Перекати-моё-поле - страница 9



Взяли плетюху, пошли в огород. Здесь были все овощи; огурцов – две большие грядки!

– Самые крупные и желтые не брать – на семена, с палец – тоже не надо, а средние – подряд, в кадку все уйдет. А мелочь подрастет – в корчаге[14] малосольные сделаем…

Когда мы наполнили плетюху и принесли к мойке, с наряда пришла Мамка, чтобы поесть и снова уйти на труд. Она всегда одевалась в темное, и на голове носила черный платок, закрывающий лоб до самых глаз. Умылась, вышла на крыльцо и сказала:

– Я заложу что есть, а потом завершим…

Взяла чистую зелень-приправу, ведро огурцов и медленно пошла к погребу… Мы подносили вымытые огурцы, а Мамка быстро укладывала их в кадку и что-то все шептала и всякий раз крестила огурцы… Она скоро управилась, похлебала пустых щец и ушла. А мы собрали еще плетюху урожая. К этому времени я уже так устал, что с трудом передвигал ноги. А Федя работал и работал – и никакой усталости. Подошел Симка и, что-то напевая себе под нос, взялся за мытье огурцов. Дело пошло веселее.

Солнце уже зависло над Сурой, когда Федя уложил огурцы почти до краев кадки, влил из ведра воду с разведенной солью, прикрыл огурцы укропом и листьями хрена, положил на зелень кружок, на кружок тяжелый камень, и после этого начал заполнять кадку водой. Вода булькала, уркала, и, наконец, обозначилась на уровне кружка.

– Ехор-мохор – готово! – возвестил Федя и, почесывая в затылке, признался: – Маненько притомился…

А меня мутило. Только теперь я вспомнил, что давно надо бы поесть. Поднялся и побрел восвояси.

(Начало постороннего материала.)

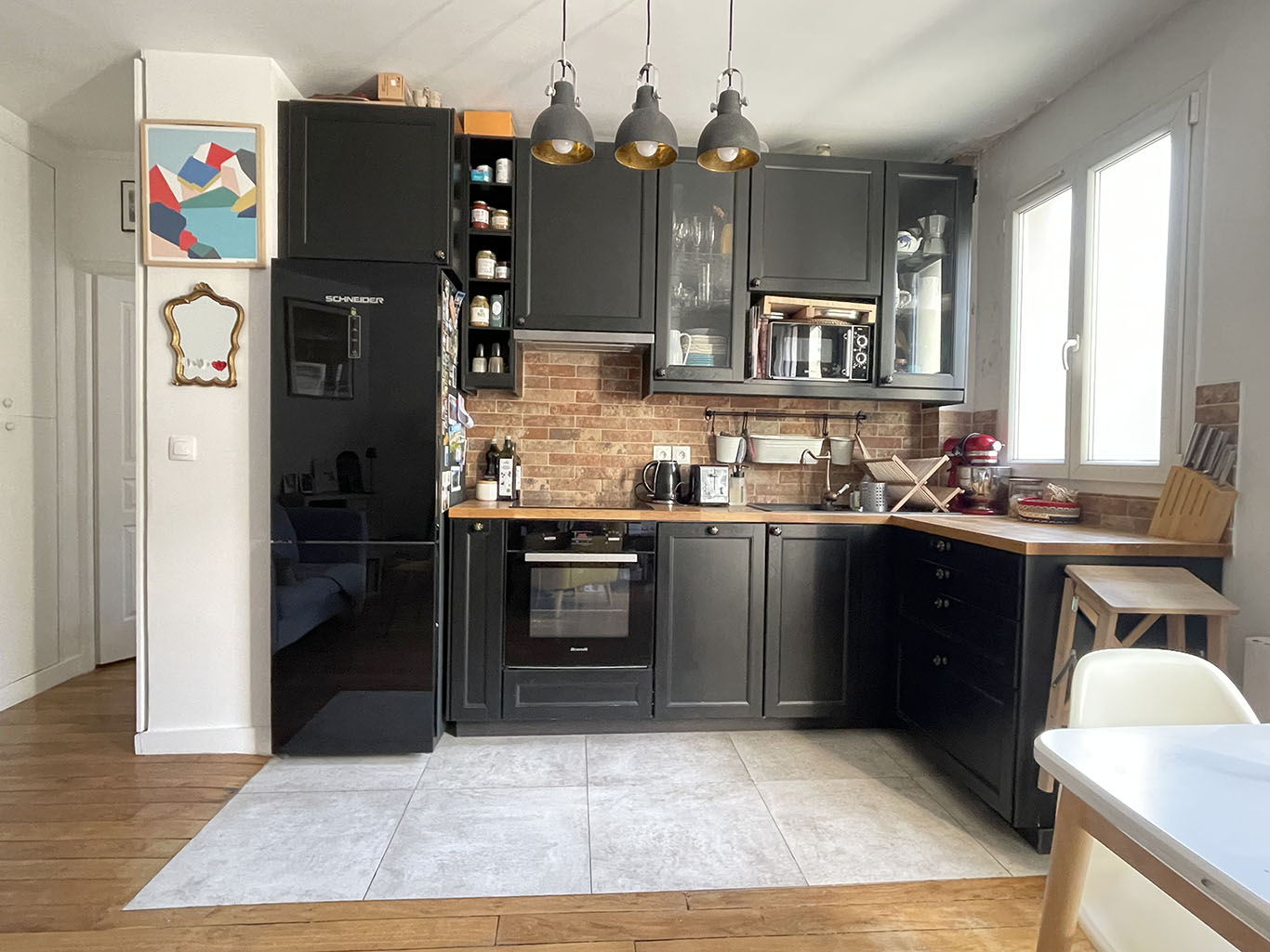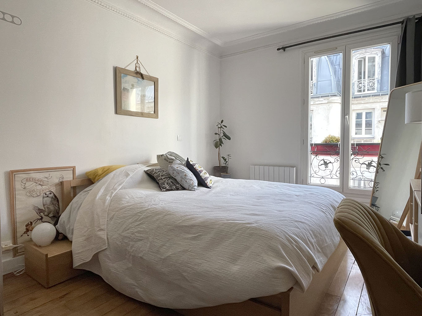 Paris 18ème. Rue Damrémont. Charmant appartement de 2 pièces principales de 39,97 m2 Loi Carrez. Au 5ème étage sur cour (sans ascenseur), exposé ouest. Entrée, séjour avec cuisine us. Chambre. Salle de douche. Wc séparés (avec fenêtre). Appartement totalement rénové en 2017. Cave saine de 3 m2. Gardienne. Bonne copropriété. DPE : E319 & C12.

– Упахтался парень, – посочувствовал мне вслед Федя. А Симка пропел:

Притомился мой сосед —
Отобедать мочи нет.
Федька с парнем молодцы —
Засолили огурцы…

А вечером Мамка принесла ведро огурцов. Она стукнула в окно и негромко окликнула:

– Примите вот, огурчиков принесла.

Погода

На Илью Пророка погремело, но дождя не пролилось. Однако уже на другой день дождь зарядил на неделю. В улице грязи не было, мелкими ручейками вода стекала под гору к Суре. А вот между школой и молочным пунктом – грязь суглинистая. И как-то скоро повеяло унынием. Ни обуви резиновой, ни защитной одежды, чтобы прогуливаться под дождем. Митя целыми днями сидел в задумчивости. Я знал, отчего он грустит: ему предстояло учиться в седьмом классе, а в семилетку – пешком пять верст. Летом обернуться – ничего, можно, а когда погода зарядит, снег – как? Это ведь не шуточки: десять верст каждый день отмеривать с клюкой. А отец во хмелю уже не раз ронял безответственное слово – «дармоед». Мать шепотком уже заговорила о ремесленном училище. И Митя унывал, вздыхал и скупо улыбался.

Пойму и Суру как будто дымом заволокло. Небо опустилось, набухло, потемнело, казалось, уже никогда никакого просвета не будет.

«Погода, погода – теперь на полгода?!» – кричал Симка из окна, запрокидывая голову в мельтешащую хлябь.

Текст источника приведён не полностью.